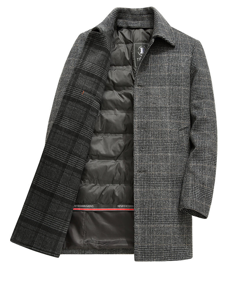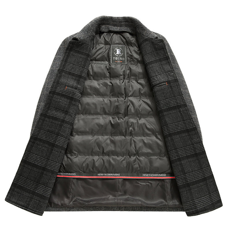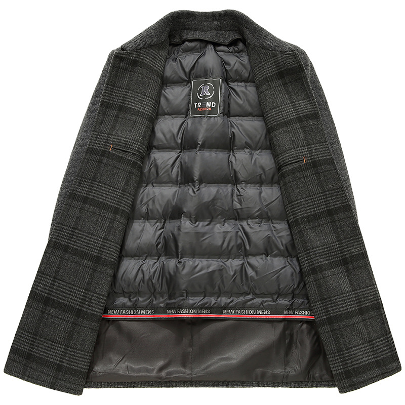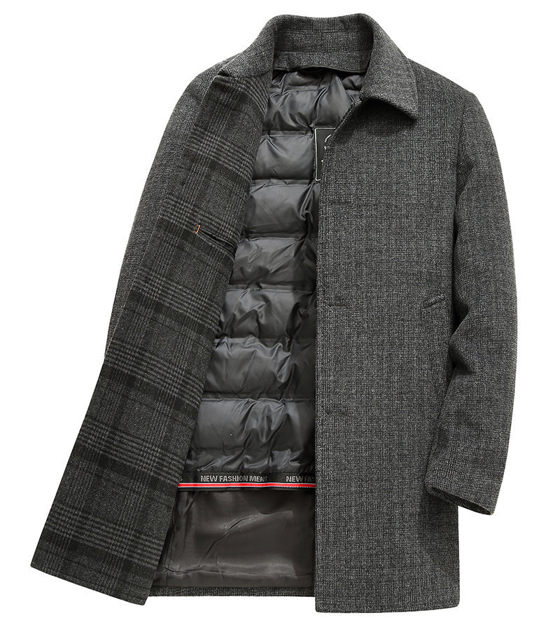Áo khoác dành cho nam, kiểu dáng dài vừa phải, phù hợp cho mùa thu đông. Thiết kế cổ bẻ lịch sự, phù hợp với môi trường công sở. Điểm nổi bật là phần áo lông vũ bên trong có thể tháo rời, giúp giữ ấm hiệu quả. Lớp ngoài cùng làm từ chất liệu có thành phần len, mang lại cảm giác ấm áp và thoải mái khi mặc. Có thể kết hợp linh hoạt với nhiều trang phục khác nhau trong những dịp khác nhau. | Tên sản phẩm: Áo Khoác Nam Kín Cổ Hàng Mùa Xuân Thu Đông Trung Niên - Thời Trang Nam | Mã sản phẩm: A9924 - Giá: 1.730.000đ | Mã nhà sản xuất: VIDAG-G05Hình ảnh sản phẩm
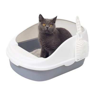 Туалет для кошки с высоким бортиком. Размеры: 55x38x25 см. Высокий бортик и удобный широкий выход предотвращают высыпание содержимого лотка. Бортик быстро и просто прикрепляется к лотку с помощью зажимов.
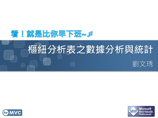 講者:劉文琇(Dolly) (http://excel.com.tw/) 講者簡介:2009世界盃電腦應用技能競賽-世界冠軍 2014 微軟最有價值專家(MVP) MOS認證權威 TQC OFFICE認證,更詳細的介紹。 著作:看!就是比你早下班:Excel函數字典速查UP!
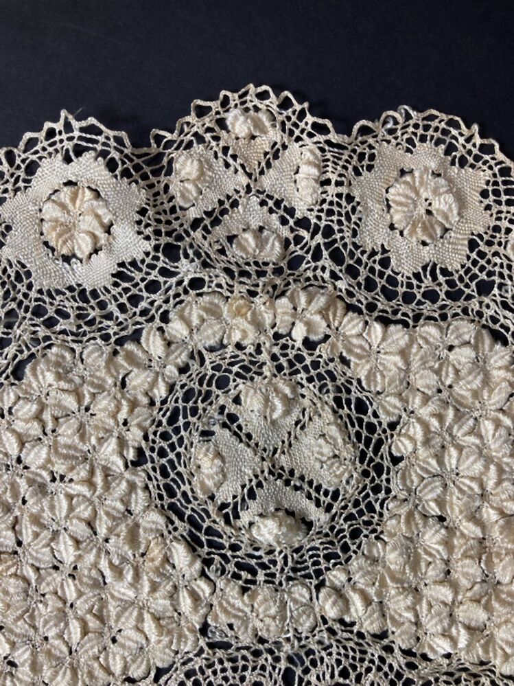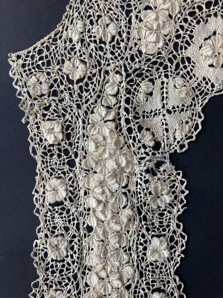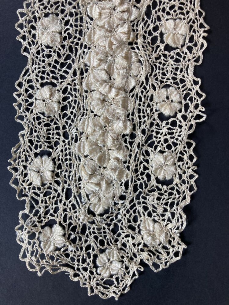 Brede ronde kraag met slippen van zijden kloskant uit Indonesië
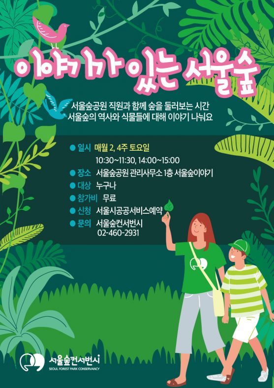 [서울숲투어]이야기가 있는 서울숲공지사항, 프로그램By pg2021년 02월 26일Leave a comment \ 서울숲공원 직원과 함께 숲을 둘러보는 시간, 서울숲의 역사와 식물들에 대해 이야기 나눠요! –…
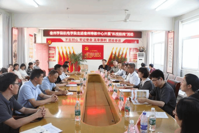 5月31日下午,宿州学院机电学院党委书记杨杰带领师生代表一行15人,走进宿州市特教中心开展“科技助残”活动。
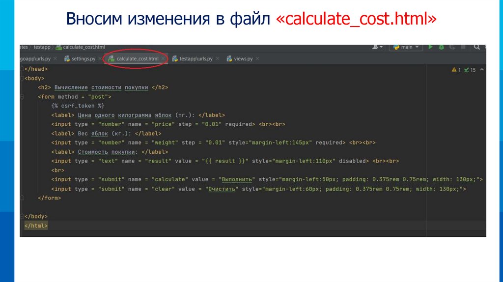 Вносим изменения в файл «calculate_cost.html»32.
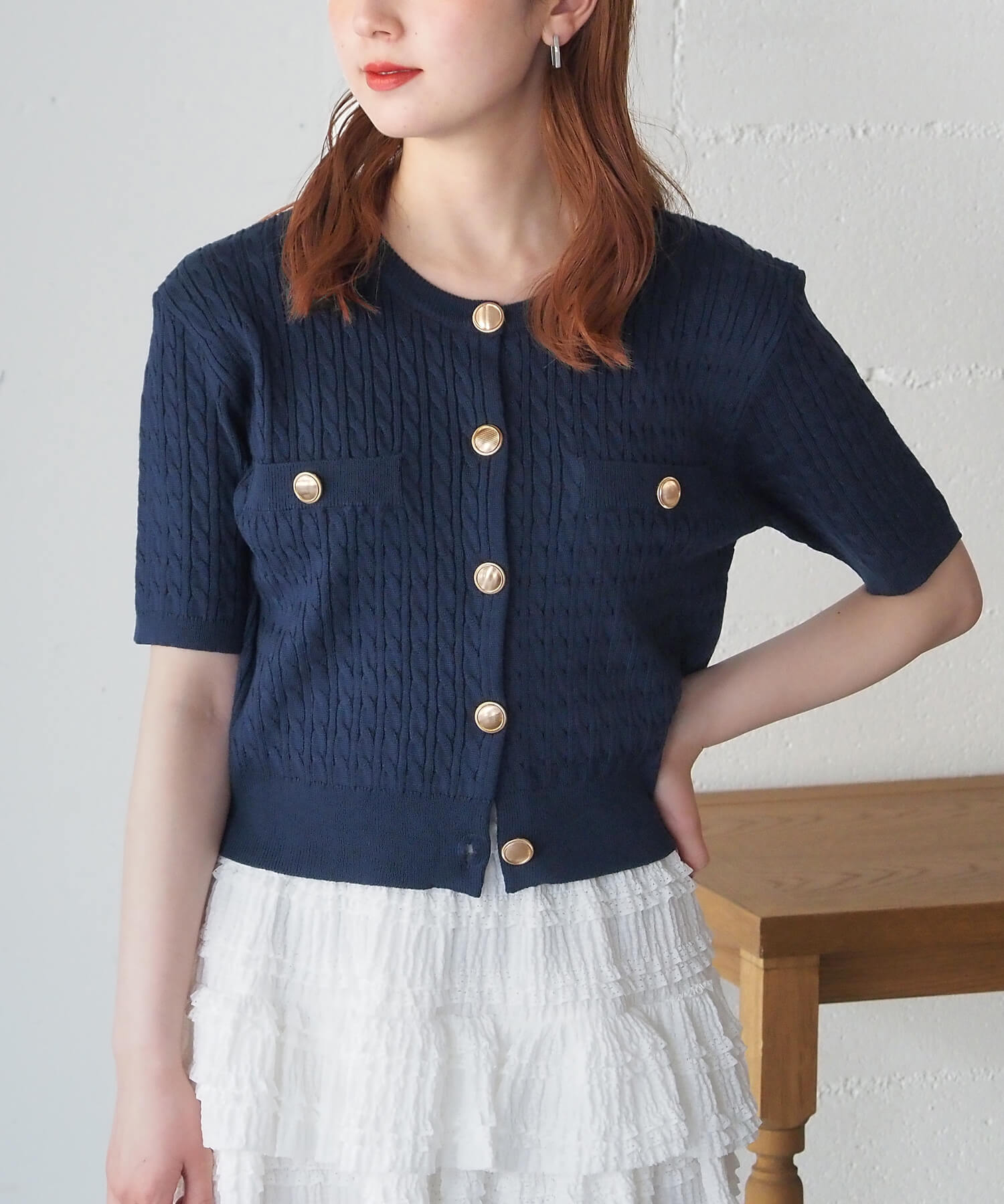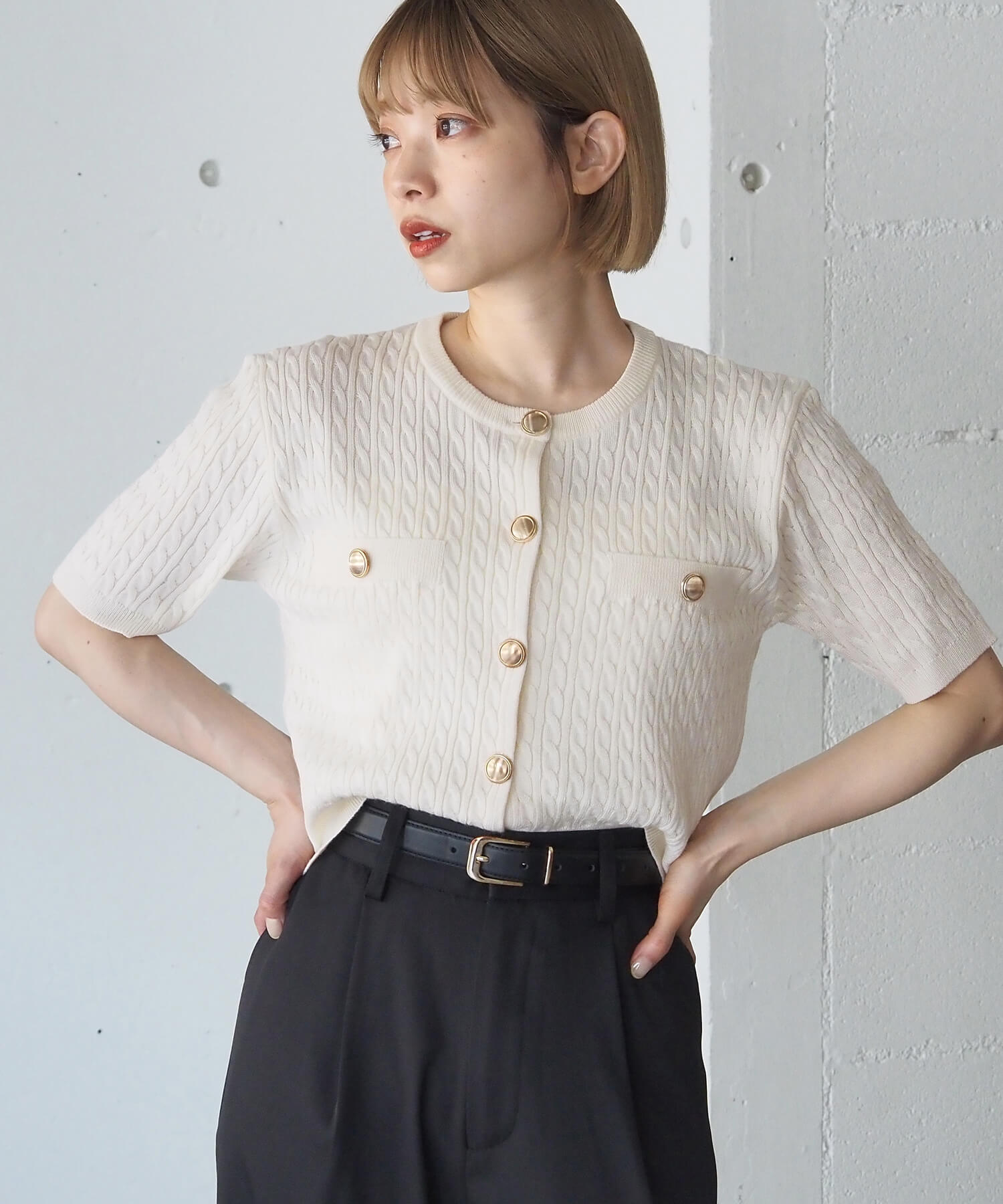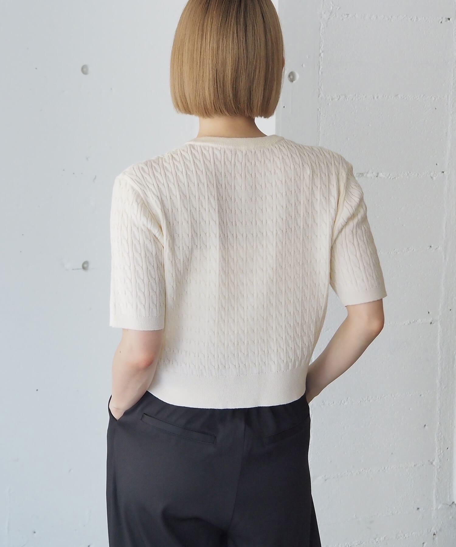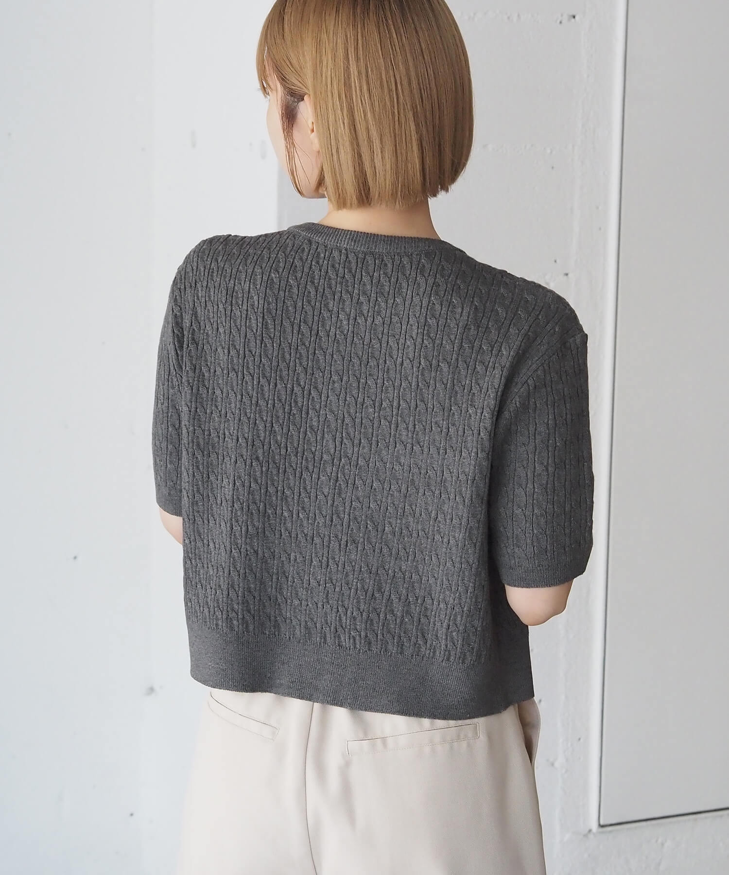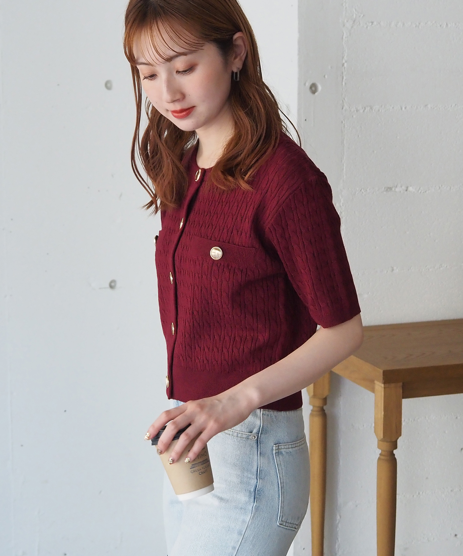 ・品のあるケーブル柄がトレンドライクな半袖ニットカーディガンです。
----
Copy every record above exactly, leaving out the pictures.

Solution for this exercise:
Áo khoác dành cho nam, kiểu dáng dài vừa phải, phù hợp cho mùa thu đông. Thiết kế cổ bẻ lịch sự, phù hợp với môi trường công sở. Điểm nổi bật là phần áo lông vũ bên trong có thể tháo rời, giúp giữ ấm hiệu quả. Lớp ngoài cùng làm từ chất liệu có thành phần len, mang lại cảm giác ấm áp và thoải mái khi mặc. Có thể kết hợp linh hoạt với nhiều trang phục khác nhau trong những dịp khác nhau. | Tên sản phẩm: Áo Khoác Nam Kín Cổ Hàng Mùa Xuân Thu Đông Trung Niên - Thời Trang Nam | Mã sản phẩm: A9924 - Giá: 1.730.000đ | Mã nhà sản xuất: VIDAG-G05Hình ảnh sản phẩm
 Туалет для кошки с высоким бортиком. Размеры: 55x38x25 см. Высокий бортик и удобный широкий выход предотвращают высыпание содержимого лотка. Бортик быстро и просто прикрепляется к лотку с помощью зажимов.
 講者:劉文琇(Dolly) (http://excel.com.tw/) 講者簡介:2009世界盃電腦應用技能競賽-世界冠軍 2014 微軟最有價值專家(MVP) MOS認證權威 TQC OFFICE認證,更詳細的介紹。 著作:看!就是比你早下班:Excel函數字典速查UP!
 Brede ronde kraag met slippen van zijden kloskant uit Indonesië
 [서울숲투어]이야기가 있는 서울숲공지사항, 프로그램By pg2021년 02월 26일Leave a comment \ 서울숲공원 직원과 함께 숲을 둘러보는 시간, 서울숲의 역사와 식물들에 대해 이야기 나눠요! –…
 5月31日下午,宿州学院机电学院党委书记杨杰带领师生代表一行15人,走进宿州市特教中心开展“科技助残”活动。
 Вносим изменения в файл «calculate_cost.html»32.
 ・品のあるケーブル柄がトレンドライクな半袖ニットカーディガンです。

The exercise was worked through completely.